TRY IT: Retype the data that follows exactly. No pictures belong in the copy.

---------- GIVEN INFORMATION

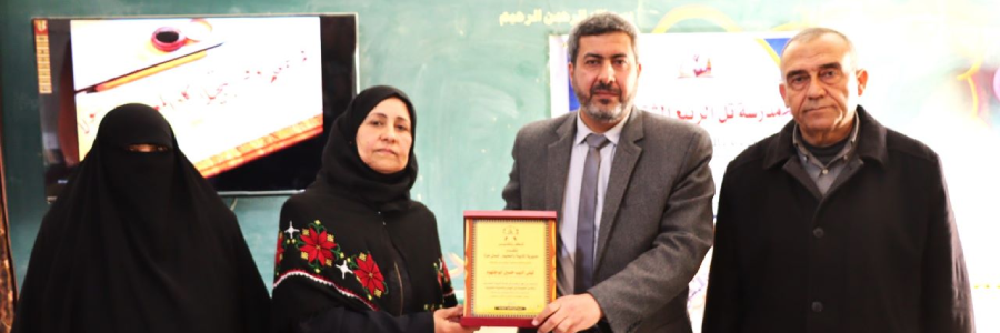 جاء ذلك خلال الحفل التكريمي الذي أقامته مدرستها بحضور مدير التربية والتعليم أ. جواد صالحة، ومدير الدائرة الفنية أ. موسى شهاب، ورئيس مجلس أولياء الأمور بالمدرسة أ. شريف، ومديرة المدرسة أ. نهى غانم، وثلة من معلمات المدرسة، وذوي المحتفى بها.
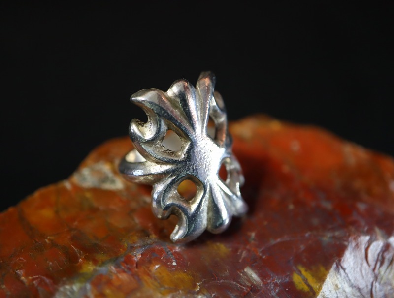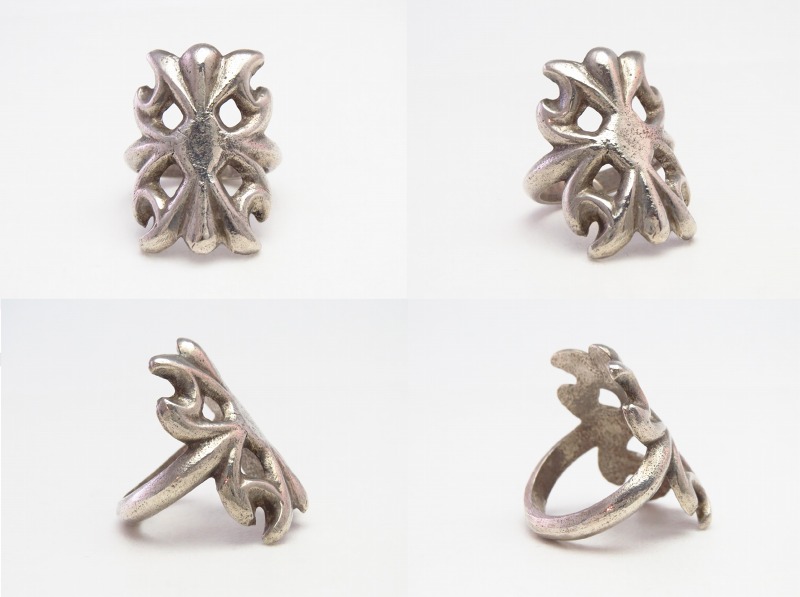 また、とてもワイドなボリューム感とワイルドな印象は大きな存在感を持っていますが、石のセットされないシルバーのみによる構成は仰々しい印象が無く、サンドキャスト/トゥーファキャスト独特のざらついたシルバーの質感とフェイスの柔らかな曲面/アールによって、ナチュラルな表情となっています。サイズは小さいですが、性別やスタイルを問わず多くのシーンにおいて自然に溶け込み、意外に取り入れて頂きやすいリングだと思われます。
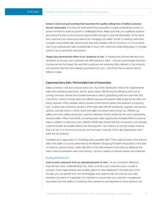The document discusses four key strategies for companies to achieve profitable and sustainable revenue growth during an economic downturn: 1) Focus on existing customer accounts by deepening relationships and tailoring offers; 2) Ensure every sales opportunity is captured through efficient upselling and cross-selling; 3) Reduce the cost to serve customers by empowering associates with tools to work smarter; and 4) Maintain a strong focus on service quality to differentiate the brand in the marketplace.
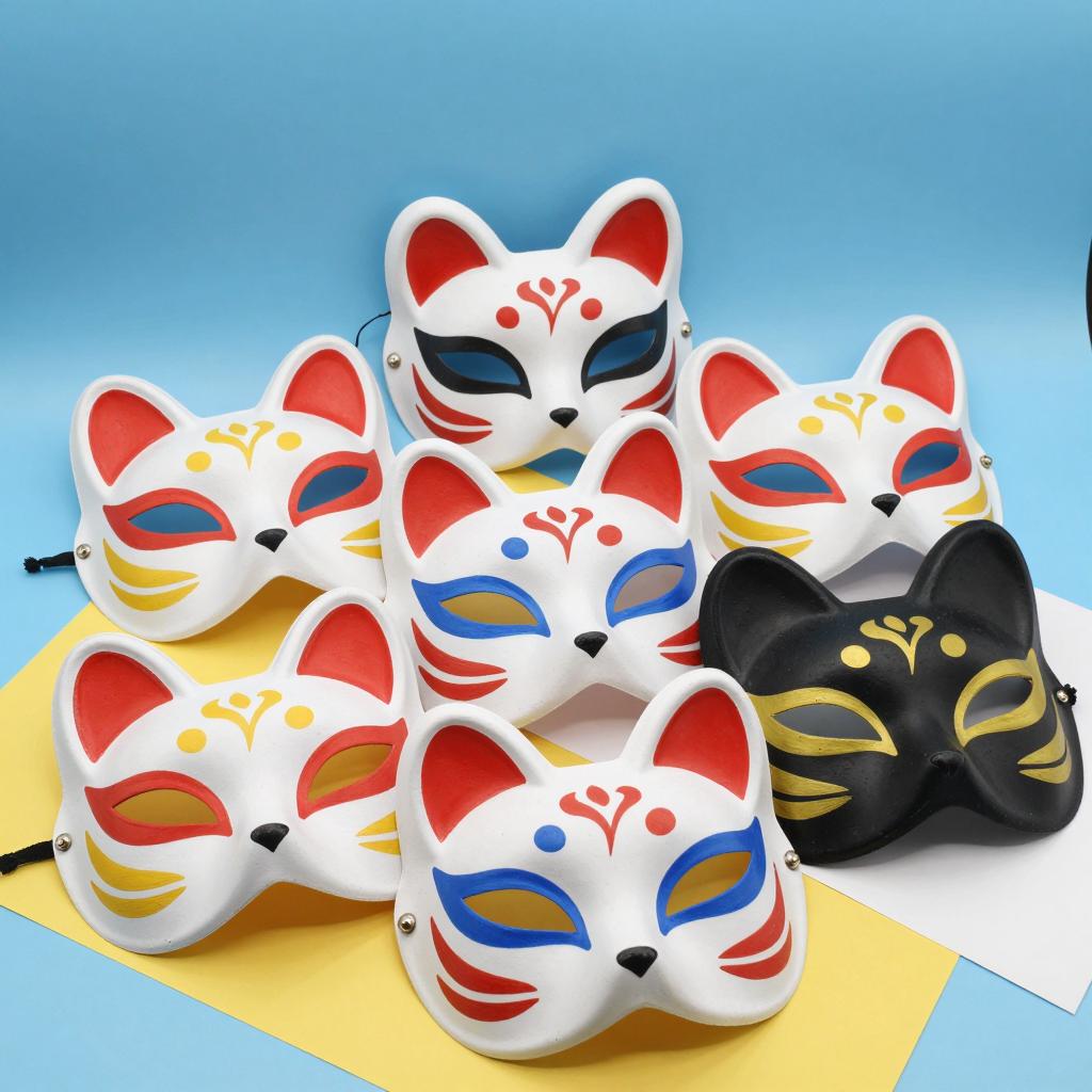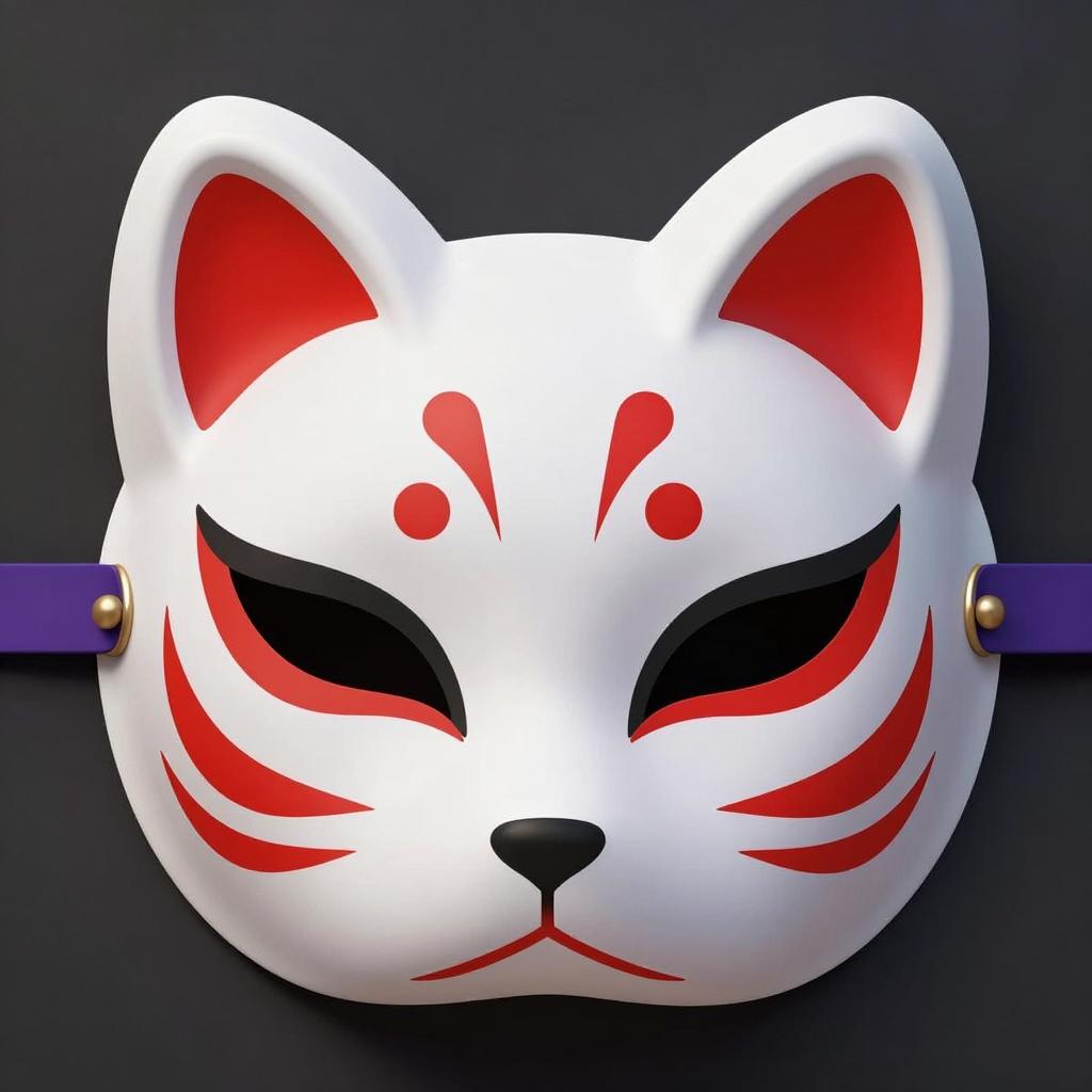 Digital illustration of a white fox mask with red inner ears, yellow eyes with black pupils, and red markings. The mask has black curved lines for eyebrows and whiskers. Dark background, purple strap on each side. Intense, narrowed eyes.

--------------------

REPLY TO THE EXERCISE:
 جاء ذلك خلال الحفل التكريمي الذي أقامته مدرستها بحضور مدير التربية والتعليم أ. جواد صالحة، ومدير الدائرة الفنية أ. موسى شهاب، ورئيس مجلس أولياء الأمور بالمدرسة أ. شريف، ومديرة المدرسة أ. نهى غانم، وثلة من معلمات المدرسة، وذوي المحتفى بها.
 また、とてもワイドなボリューム感とワイルドな印象は大きな存在感を持っていますが、石のセットされないシルバーのみによる構成は仰々しい印象が無く、サンドキャスト/トゥーファキャスト独特のざらついたシルバーの質感とフェイスの柔らかな曲面/アールによって、ナチュラルな表情となっています。サイズは小さいですが、性別やスタイルを問わず多くのシーンにおいて自然に溶け込み、意外に取り入れて頂きやすいリングだと思われます。
The document discusses four key strategies for companies to achieve profitable and sustainable revenue growth during an economic downturn: 1) Focus on existing customer accounts by deepening relationships and tailoring offers; 2) Ensure every sales opportunity is captured through efficient upselling and cross-selling; 3) Reduce the cost to serve customers by empowering associates with tools to work smarter; and 4) Maintain a strong focus on service quality to differentiate the brand in the marketplace.
 Digital illustration of a white fox mask with red inner ears, yellow eyes with black pupils, and red markings. The mask has black curved lines for eyebrows and whiskers. Dark background, purple strap on each side. Intense, narrowed eyes.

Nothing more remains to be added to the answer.